Ask HN: Proper way to generate confirmation numbers - reaperducer
I&#x27;ve noticed that when I pay my bills online there doesn&#x27;t seem to be any single method of generating confirmation numbers. One credit card uses a 4-digit number. Another uses 9 letters.  The electric company uses six alphanumeric characters.  Are there best practices for this sort of thing, or is everyone winging it?
======
computator
Whatever format you choose, I'd like to suggest that you include a small bit
of identifying info at the beginning of the number. For example, if your
company name is Fictitious Enterprises, your confirmation numbers will always
begin with "fe", as in fe7623. Or, have the confirmation numbers always begin
with, say, "88", as in 887623. This tiny piece of redundancy is tremendously
helpful for customer support staff and for your programs to recognize that a
customer is giving the wrong number. In web forms, you can also prompt people
to enter the number beginning with "fe" or "88". It's not the norm, but
there's plenty of precedent for putting in a redundant prefix like this.

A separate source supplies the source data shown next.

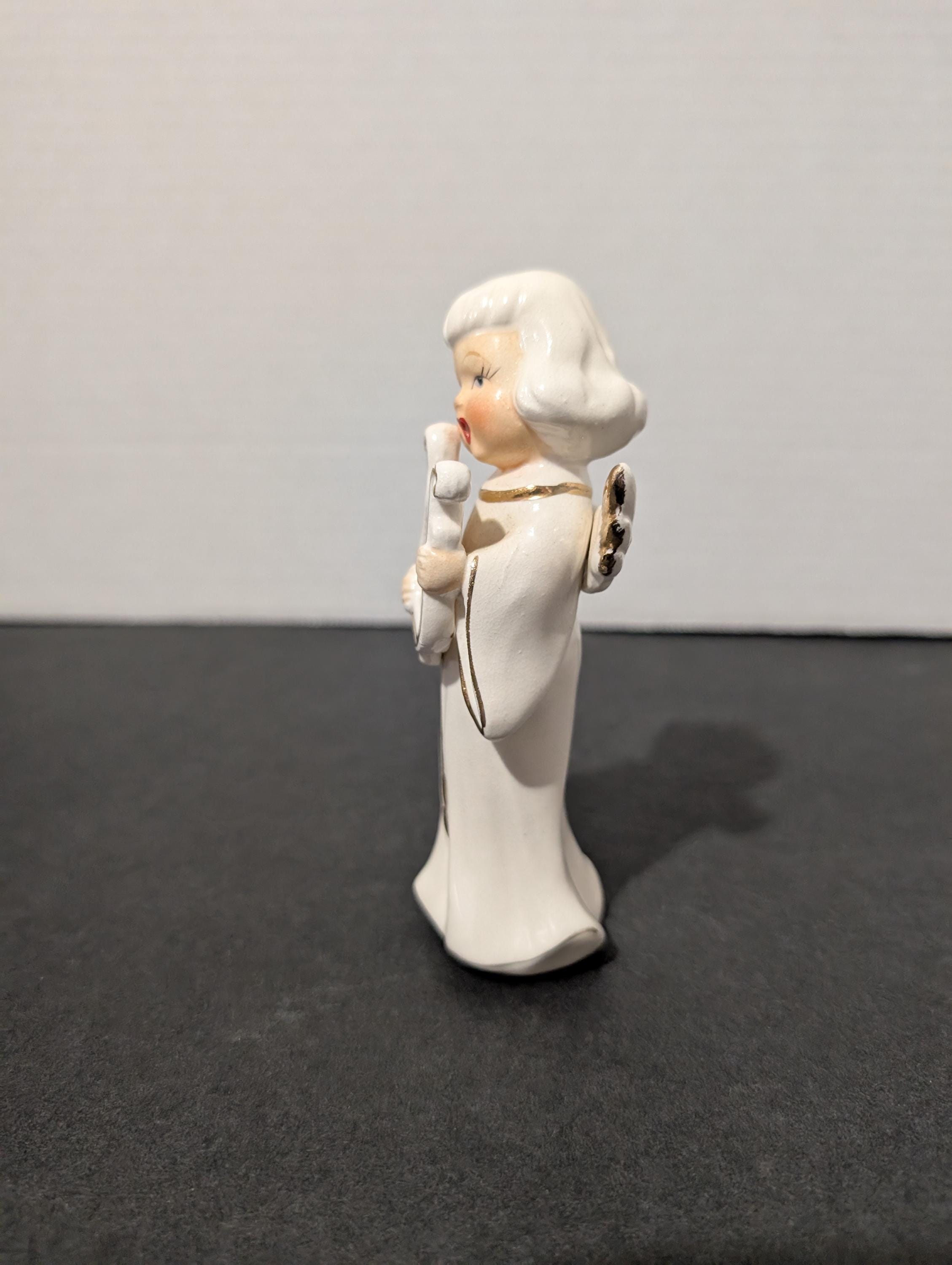 1950s Angel Figurine Playing Harp | Mid Century Modern Singing Angel White & Gold Ceramic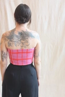 Rilynn is a bustier top with sweetheart neckline. Fitted throughout, designed with form-flattering princess seams, curved boning at the neckline and waist with a smocked back. Falls at the natural waist.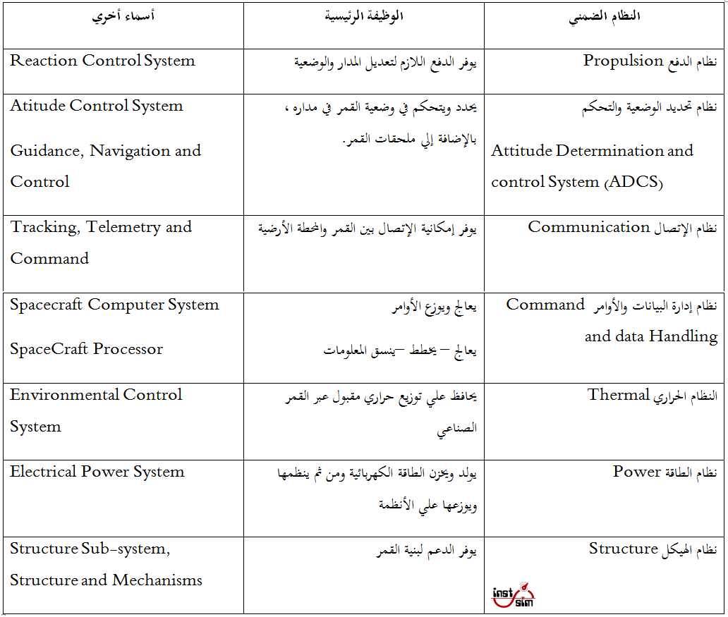 دورة تدريبية-الجزء الأول : الأنظمة الفرعية للقمر الصناعي أو مركبة فضائية

And for heaven's sake, keep the number to a reasonable length, and if longer
than 6 digits, break it up with hyphens, and make sure that all your web forms
accept the number with or without the hyphens if copied & pasted. I've seen
confirmation numbers, order numbers, etc., that run to absurd 30 or 60 or more
digits, enough to encode all the protons on Earth. There are always cases when
you can't copy & paste (like from screenshots, paper printouts, one device to
another, spoken over the phone), so you don't want crazy lengths.